**What to do:** Tally the lines of the listing that contain the word "ההגנה", then give the total and nothing else.
----
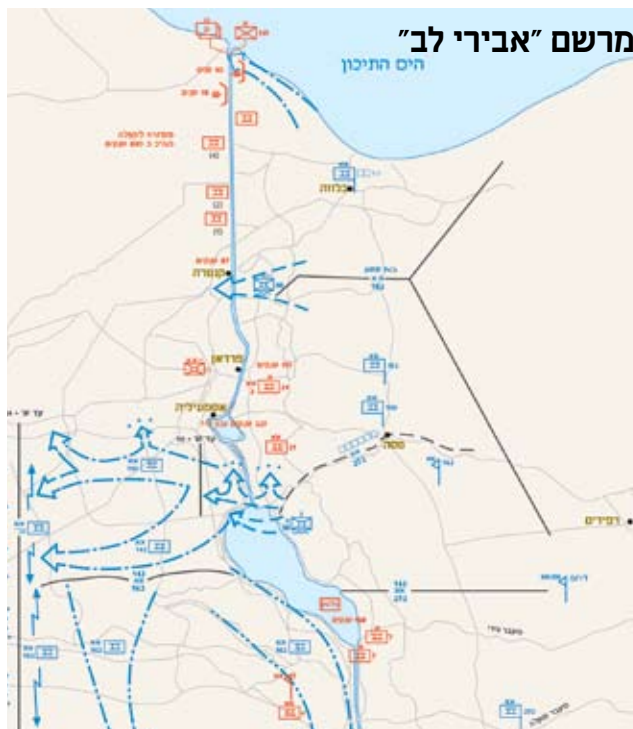
במלחמת יום הכיפורים ביצע פיקוד הדרום תמרון גישה עקיפה לידל הארטי קלסי. בהתאם לתפיסה הזאת, חיפשו כוחות צה"ל את נקודות התורפה במערך ההחזקה של קו ההגנה המצרי. נקודת תורפה כזאת נמצאה בתפר שבין שתי הארמיות המצריות, ולכן הבקיע צה"ל את מערך ההגנה המצרי בנקודה הזאת, ותמרן במהירות לעומק כדי לכתר את הארמיה השלישית (מפה: אביגדור אורגד)

הרעיון המבצעי של תוכנית "אורנים גדול" במלחמת לבנון הראשונה היה גם הוא תחבולני, ושמן בחובו שני יתרונות אפשריים בתוצאה הסופית. התמרון העיקרי, בהתאם לגישת לידל הארט, היה של אוגדה 162 שחדרה לעומק השטח בין מערך ההגנה הסורי בבקעת הלבנון ובין מערכי ההגנה של המחבלים בדרום לבנון ובאזור החוף. היעד המערכתי של האוגדה היה כביש בירות-דמשק. <
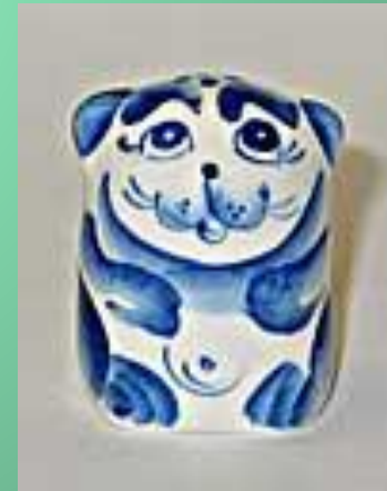
Наперстки Светланы Зубовой
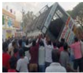
स्टेशन हद्दीतील सालारपूरमध्ये हा अपघात झाला. बसमधील सर्व मुले बाराबंकीच्या सुरतगंज विकास गटातील हरका गावातील आहेत. ही सर्व शाळकरी मुले शिक्षकांसह लखनौला शैक्षणिक सहलीसाठी गेले होते. लखनौहून परतत असताना हा अपघात

उत्तर प्रदेशातील बाराबंकीमध्ये एक धक्कादायक घटना घडली आहे. शाळकरी मुलांनी भरलेली भरधाव स्कूल बस उलटून ४ मुलांसह ५ जणांचा जागीच मृत्यू झाला, तर अनेक मुले गंभीर जखमी झाले आहेत. अपघातानंतर स्थानिकांनी तात्काळ जखमी मुलांना जवळच्या रुग्णालयात दाखल केले. मिळालेल्या माहितीनुसार, ४० मुलांनी भरलेली बस लखनौ प्राणीसंग्रहालयातून परत येत होती.
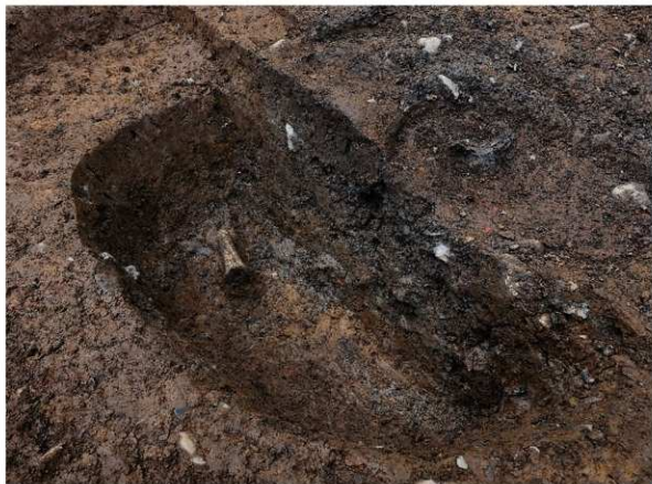
1 SE12白色土器高杯脚部出土状況(南西から)
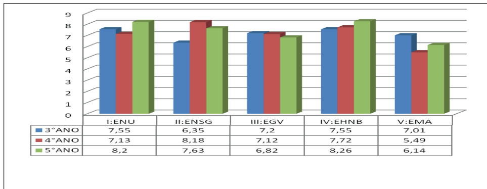
Gráfico 1 - Média das escolas por ano (série) do GE (Grupo Experimental).

Neste gráfico, verificou-se a média das escolas por ano do grupo experimental, onde identificamos que os 3º e 5º anos foram eficientes em duas escolas ficando o 4º ano como líder em apenas uma escola. Vale salientar que a maior média ficou com a turma do 5º ano da EHNB.
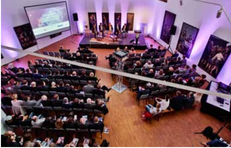
Beim „Unternehmerforum Südwestfalen“ steht der persönliche und fachliche Austausch im Vordergrund. 2015 waren rund 150 Besucher bei der Premiere im Hagener Osthaus Museum dabei
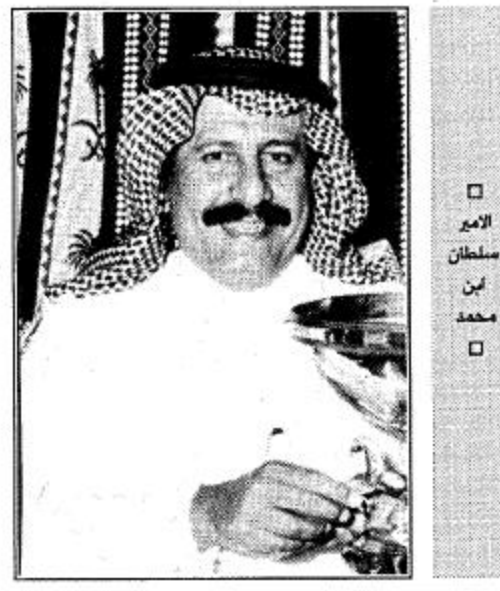
الأمير سلطان بن محمد

في اتصال هاتفني من خارج المملكة هنا صاحب السمو الامير سلطان بن محمد بن سعود الكبير صفحة فروسية الجزيرة «الميدان» عقب فوزها بالمركز الاول على صفحات الفروسية بالصحف المحلية وبارك سمو الامير سلطان بن محمد في اتصاله الهاتفني لمعد صفحة الميدان هذا النجاح مشيراً سموه الى ان هذا ما كان يتحقق لولا الجهد الكبير الذي تقوم به الصفحة في ايصال رسالة الفروسية لقراءها عبر الميدان.. بكل امانة ومصداقية واعطاء كل ذي حق حقه اضافة الى بعدها عن الروتينية وصراحتها المعهودة.. وانها فعلا كانت على اسمها ميدانية تتسابق فيها الافكار والابداعات كما تتسابق جياد السباق في المضمار.
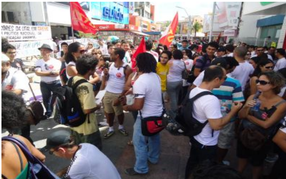
Figura 6- Manifestação de estudantes, professores e técnicos, concentrados em frente ao antigo Produban, na Rua do Comércio.
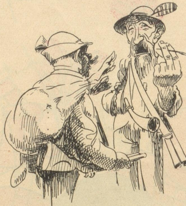
„Scheibe gschbässig, die Zohr was kan offizielle Saaketag ge hät, han i vill meh Gsell gha.“
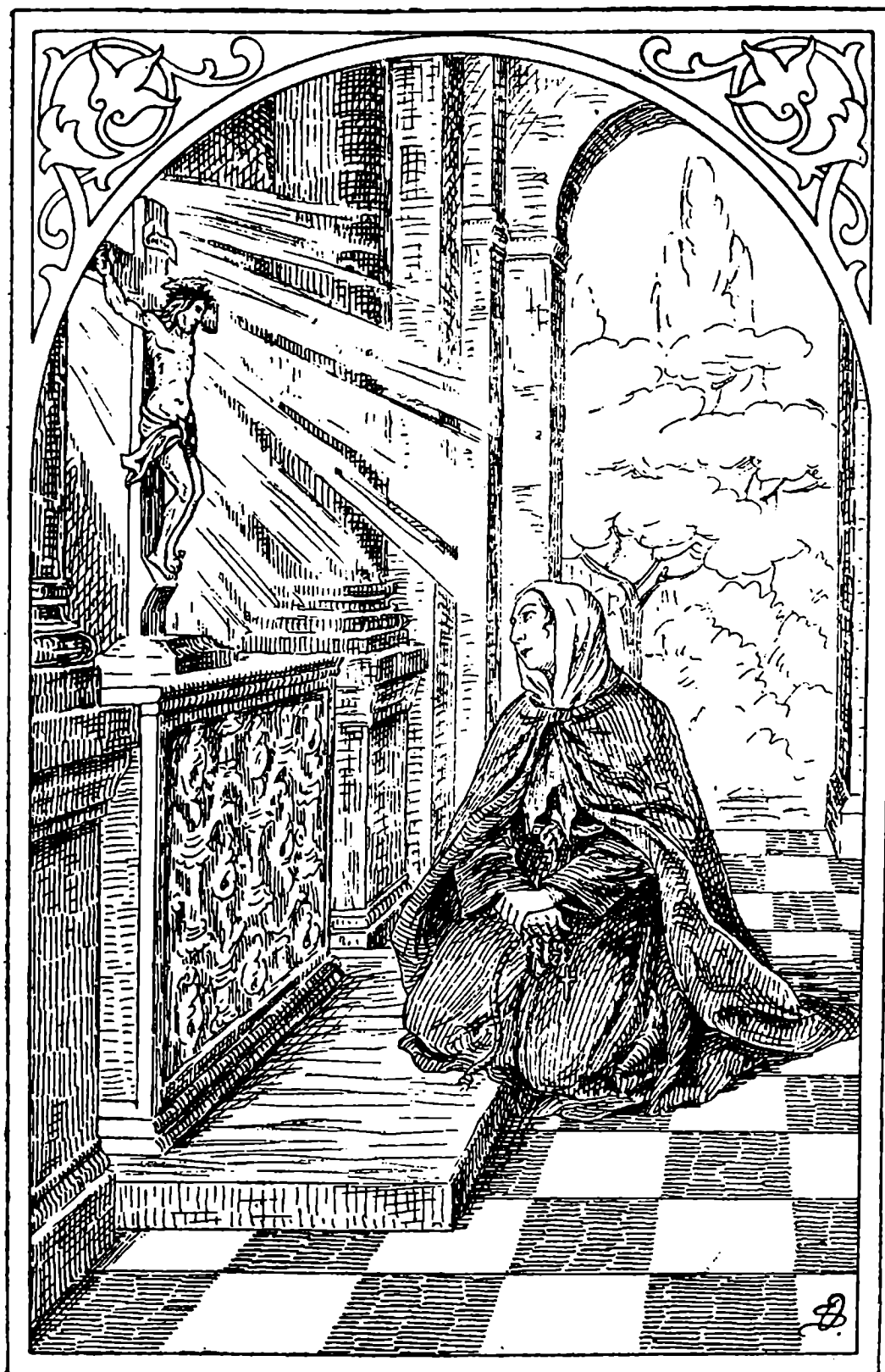
Sv. Marketa před zázračným křížem.
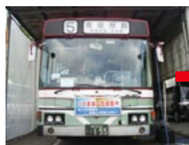
フロントガラス：使用前
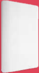
BA1200-B Placa ciega blanca
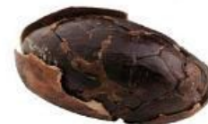
Raw Cacao Bean (peeled)
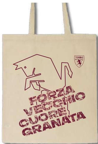
TR1391 SHOPPER IN COTONE ECRU'
----
**Task output:** 2